Introduction to Data Quality Services
Updated: March 6, 2012
Applies To: SQL Server 2016
The data-quality solution provided by Data Quality Services (DQS) enables a data steward or IT professional to maintain the quality of their data and ensure that the data is suited for its business usage. DQS is a knowledge-driven solution that provides both computer-assisted and interactive ways to manage the integrity and quality of your data sources. DQS enables you to discover, build, and manage knowledge about your data. You can then use that knowledge to perform data cleansing, matching, and profiling. You can also leverage the cloud-based services of reference data providers in a DQS data-quality project.
Incorrect data can result from user entry errors, corruption in transmission or storage, mismatched data dictionary definitions, and other data quality and process issues. Aggregating data from different sources that use different data standards can result in inconsistent data, as can applying an arbitrary rule or overwriting historical data. Incorrect data affects the ability of a business to perform its business functions and to provide services to its customers, resulting in a loss of credibility and revenue, customer dissatisfaction, and compliance issues. Automated systems often do not work with incorrect data, and bad data wastes the time and energy of people performing manual processes. Incorrect data can wreak havoc with data analysis, reporting, data mining, and warehousing.

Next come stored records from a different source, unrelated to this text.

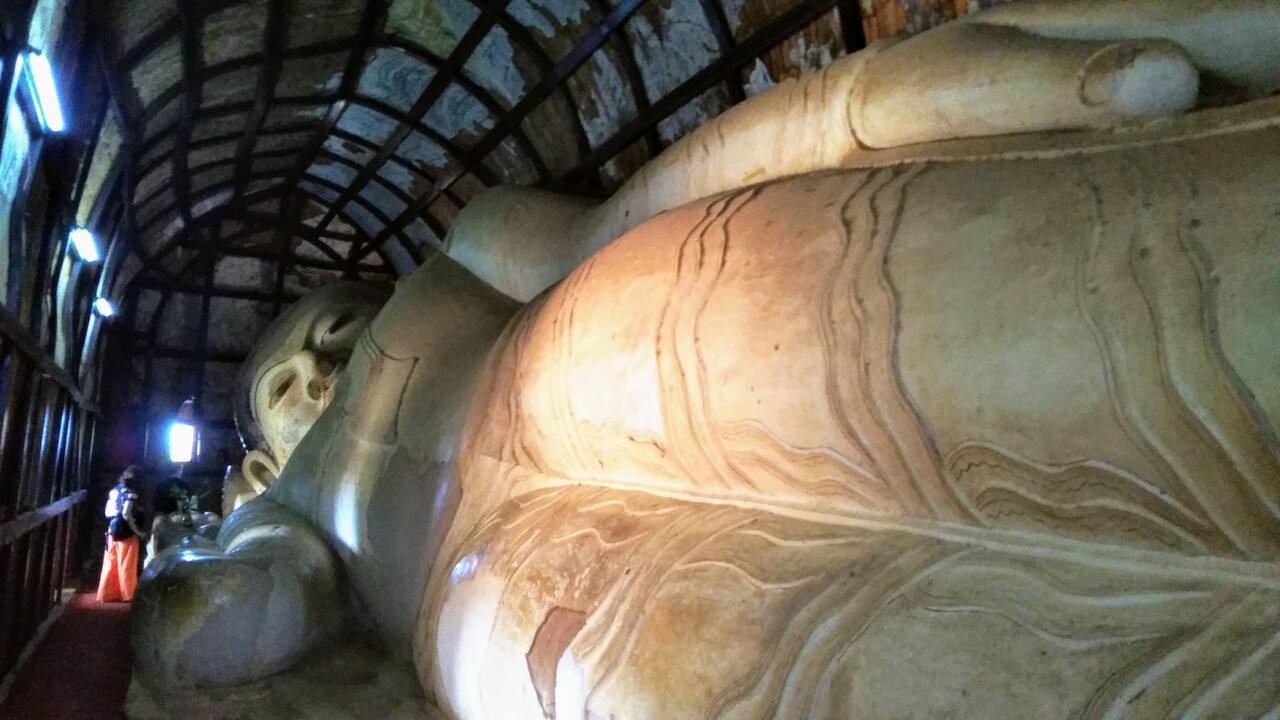 建物の中に全長18メートル(日本語ガイドブックによる)の寝仏(リクライニング・ブッダ)が窮屈そうに横たわっている。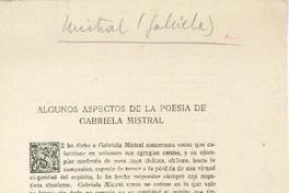Algunos aspectos de la poesía de Gabriela Mistral [manuscrito] Raúl Silva Castro.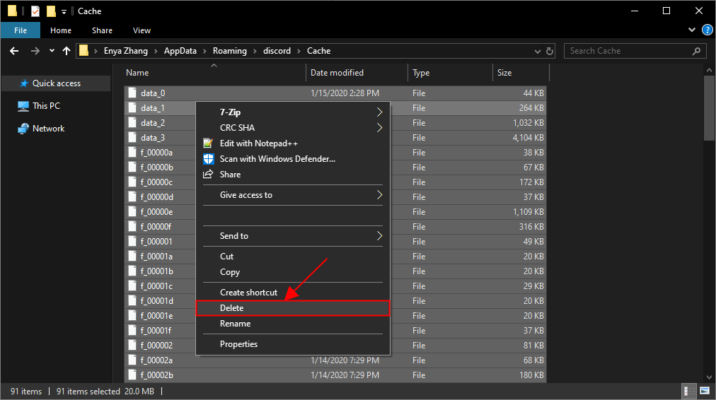 3) В папке Cache нажмите Ctrl и К в то же время выбрать все файлы, затем щелкните правой кнопкой мыши и выберите удалять .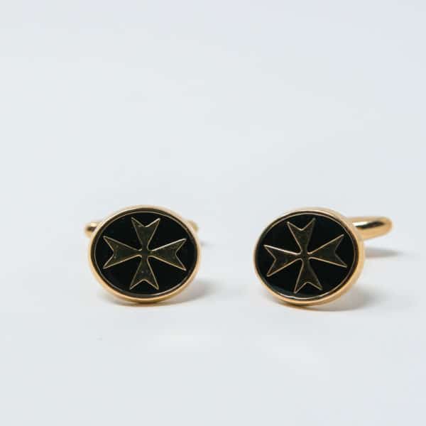 18kt Solid gold cuff links with Maltese Cross on a black enamel background.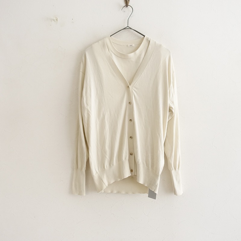 IENAのfilartex V/N アンサンブルです。カラーは生成でハイゲージの薄手ニット地で仕立てられております。カーディガンとノースリーブのセットアイテムで、定価(メーカー希望小売価格)17,600円 税込みの商品です。 |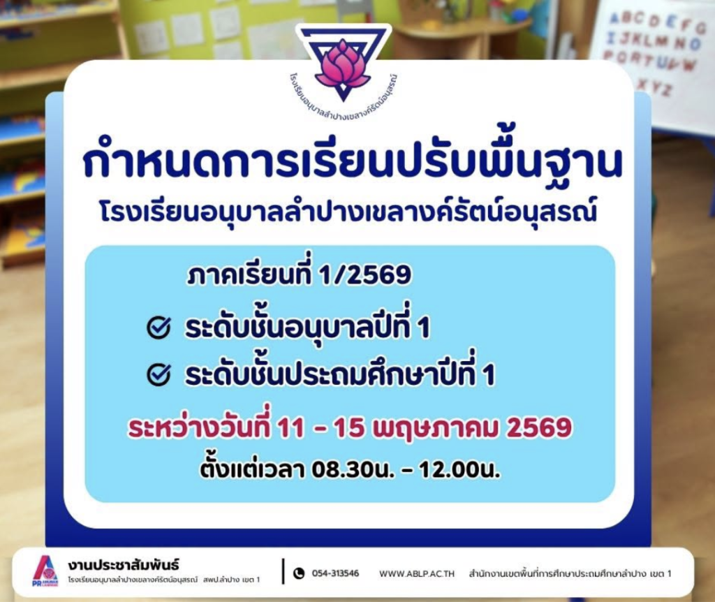 โรงเรียนอนุบาลลำปางเขลางค์รัตน์อนุสรณ์ ขอแจ้งประชาสัมพันธ์กำหนดการกิจกรรม “เรียนปรับพื้นฐาน” สำหรับนักเรียนใหม่ในระดับชั้นอนุบาลปีที่ ๑ และระดับชั้นประถมศึกษาปีที่ ๑ ประจำภาคเรียนที่ ๑ ปีการศึกษา ๒๕๖๙ เพื่อเตรียมความพร้อมและสร้างความคุ้นเคยให้กับนักเรียนก่อนเข้าสู่ระบบการเรียนรู้อย่างเต็มรูปแบบ โดยมีกำหนดการจัดกิจกรรมระหว่างวันที่ ๑๑ – ๑๕ พฤษภาคม ๒๕๖๙ ตั้งแต่เวลา ๐๘.๓๐ น. – ๑๒.๐๐ น.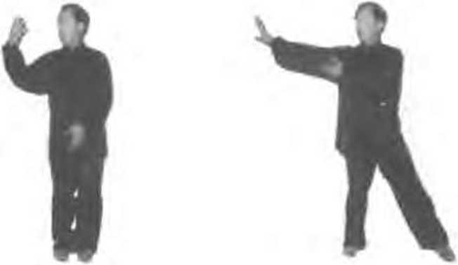 (4)收脚云手同(2),(图2141 142)214 图 2142.此完成了 5次云手中的两次.后边又是“横开步云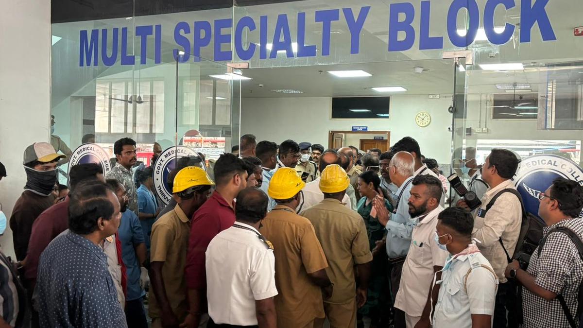 Evacuation of patients and cooling operations under way as fire broke out at Multi Speciality Block of Thiruvananthapuram Medical college on March 17, 2026.

High-quality data is critical to the efficiency of businesses and institutions. An organization of any size can use DQS to improve the information value of its data, making the data more suitable for its intended use. A data quality solution can make data more reliable, accessible, and reusable. It can improve the completeness, accuracy, conformity, and consistency of your data, resolving problems caused by bad data in business intelligence or data warehouse workloads, as well as in operational OLTP systems.
DQS enables a business user, information worker, or IT professional who is neither a database expert nor a programmer to create, maintain, and execute their organization’s data quality operations with minimal setup or preparation time.
Data quality is not defined in absolute terms. It depends upon whether data is appropriate for the purpose for which it is intended. DQS identifies potentially incorrect data, and provides you with an assessment of the likelihood that the data is in fact incorrect. DQS provides you with a semantic understanding of the data so you can decide its appropriateness. DQS enables you to resolve issues involving incompleteness, lack of conformity, inconsistency, inaccuracy, invalidity, and data duplication.
DQS provides the following features to resolve data quality issues.
Data Cleansing: the modification, removal, or enrichment of data that is incorrect or incomplete, using both computer-assisted and interactive processes. For more information, see Data Cleansing.
Matching: the identification of semantic duplicates in a rules-based process that enables you to determine what constitutes a match and perform de-duplication. For more information, see Data Matching.
Reference Data Services: verification of the quality of your data using the services of a reference data provider. You can use reference data services from Microsoft Azure Marketplace to cleanse, validate, match, and enrich data. For more information, see Reference Data Services in DQS.
Profiling: the analysis of a data source to provide insight into the quality of the data at every stage in the knowledge discovery, domain management, matching, and data cleansing processes. Profiling is a powerful tool in a DQS data quality solution. You can create a data quality solution in which profiling is just as important as knowledge management, matching, or data cleansing. For more information, see Data Profiling and Notifications in DQS.
Monitoring: the tracking and determination of the state of data quality activities. Monitoring enables you to verify that your data quality solution is doing what it was designed to do. For more information, see DQS Administration.
Knowledge Base: Data Quality Services is a knowledge-driven solution that analyzes data based upon knowledge that you build with DQS. This enables you to create data quality processes that continually enhances the knowledge about your data and in so doing, continually improves the quality of your data.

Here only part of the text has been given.